[SUPPLIED DATA]
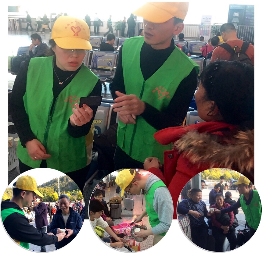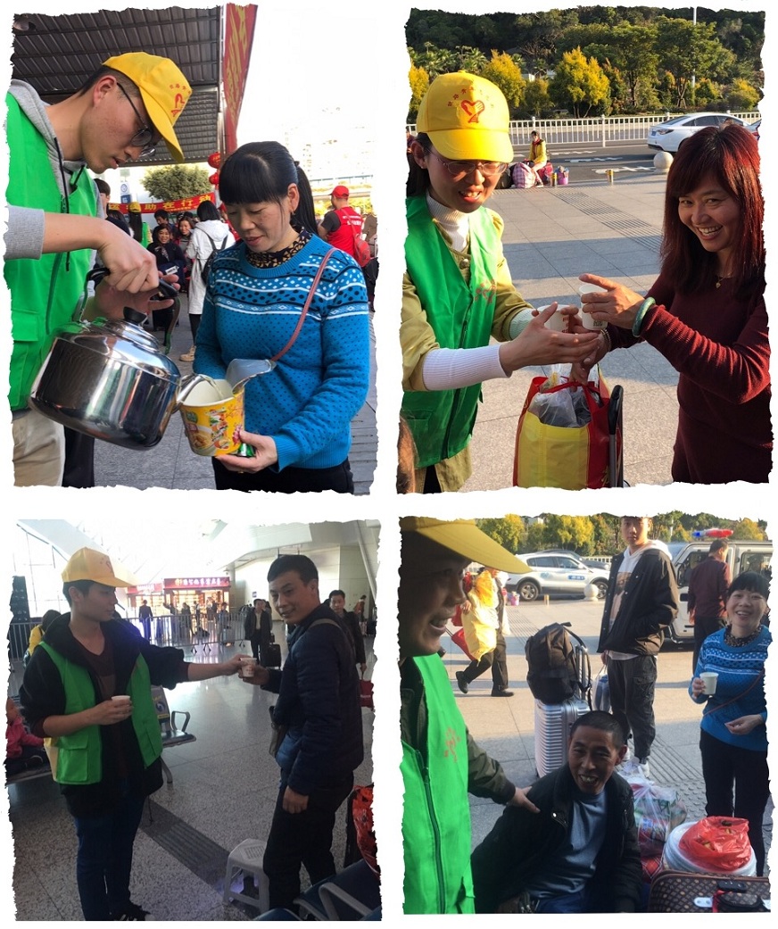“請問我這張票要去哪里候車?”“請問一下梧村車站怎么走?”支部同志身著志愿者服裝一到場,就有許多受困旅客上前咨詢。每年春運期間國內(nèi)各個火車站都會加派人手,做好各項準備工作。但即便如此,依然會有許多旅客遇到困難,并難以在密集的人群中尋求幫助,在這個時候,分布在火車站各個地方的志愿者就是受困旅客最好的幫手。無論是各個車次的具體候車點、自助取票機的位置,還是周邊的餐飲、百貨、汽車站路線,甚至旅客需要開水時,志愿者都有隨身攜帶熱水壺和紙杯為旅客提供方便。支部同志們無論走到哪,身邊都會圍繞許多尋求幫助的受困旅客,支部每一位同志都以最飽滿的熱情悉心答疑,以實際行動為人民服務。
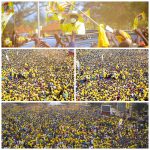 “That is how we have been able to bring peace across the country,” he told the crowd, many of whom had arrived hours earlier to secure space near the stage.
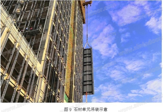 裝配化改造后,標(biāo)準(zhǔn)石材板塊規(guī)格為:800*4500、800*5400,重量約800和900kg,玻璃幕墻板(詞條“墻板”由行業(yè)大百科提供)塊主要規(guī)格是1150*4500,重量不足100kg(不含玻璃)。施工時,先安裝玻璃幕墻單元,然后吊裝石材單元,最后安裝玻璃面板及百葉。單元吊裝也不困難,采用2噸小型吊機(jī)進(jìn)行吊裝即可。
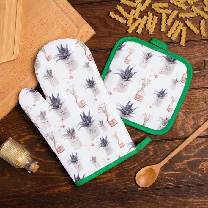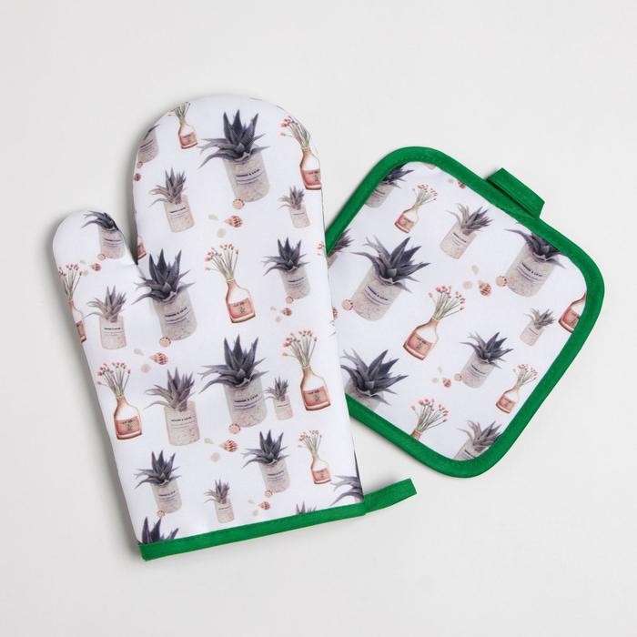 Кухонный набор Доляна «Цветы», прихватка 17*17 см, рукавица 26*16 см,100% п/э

--

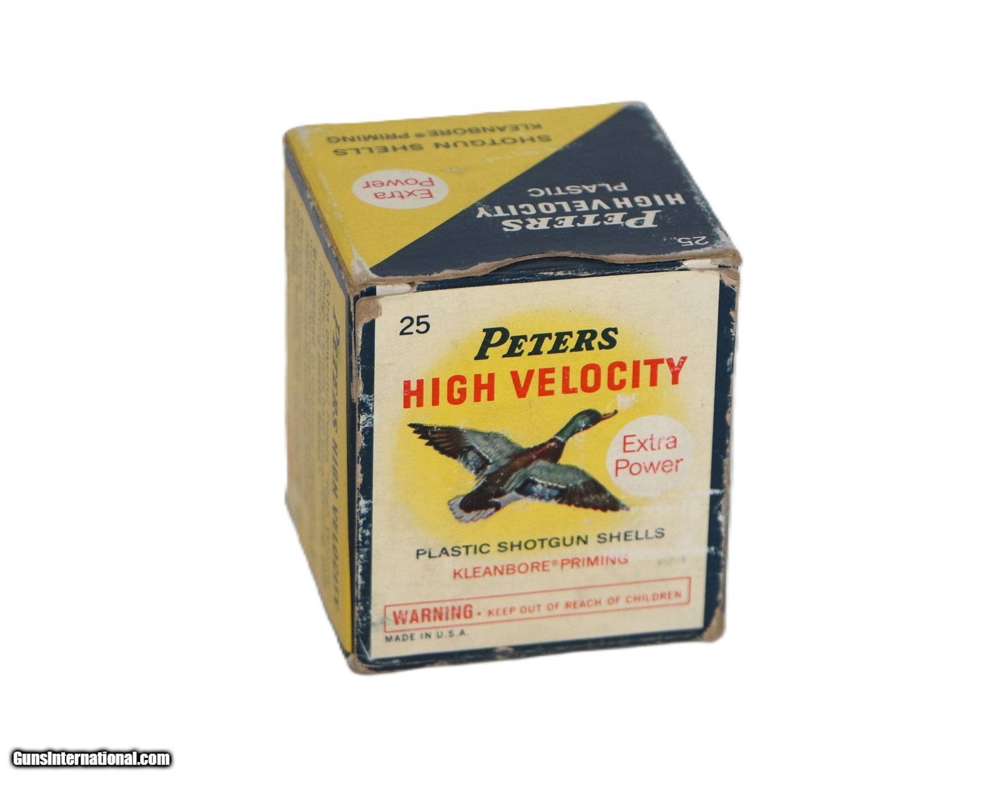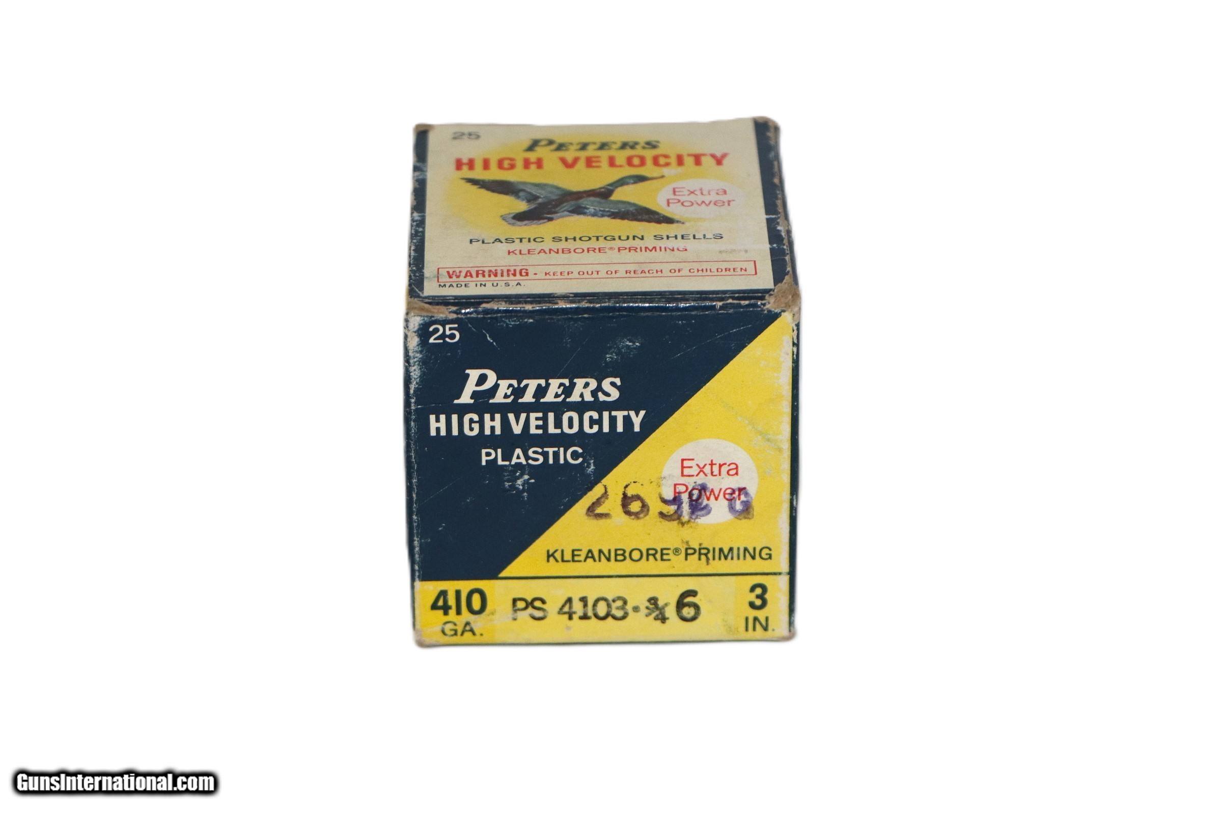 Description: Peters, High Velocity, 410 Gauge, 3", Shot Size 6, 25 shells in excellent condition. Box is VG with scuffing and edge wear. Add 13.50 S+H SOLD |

[REQUIRED WORK]
The reply should hold the entries above from the line with "裝配化改造后,標(biāo)" to the line with "Кухонный набор Доляна", duplicated exactly, pictures excluded.

[TASK SOLUTION]
 裝配化改造后,標(biāo)準(zhǔn)石材板塊規(guī)格為:800*4500、800*5400,重量約800和900kg,玻璃幕墻板(詞條“墻板”由行業(yè)大百科提供)塊主要規(guī)格是1150*4500,重量不足100kg(不含玻璃)。施工時,先安裝玻璃幕墻單元,然后吊裝石材單元,最后安裝玻璃面板及百葉。單元吊裝也不困難,采用2噸小型吊機(jī)進(jìn)行吊裝即可。
 Кухонный набор Доляна «Цветы», прихватка 17*17 см, рукавица 26*16 см,100% п/э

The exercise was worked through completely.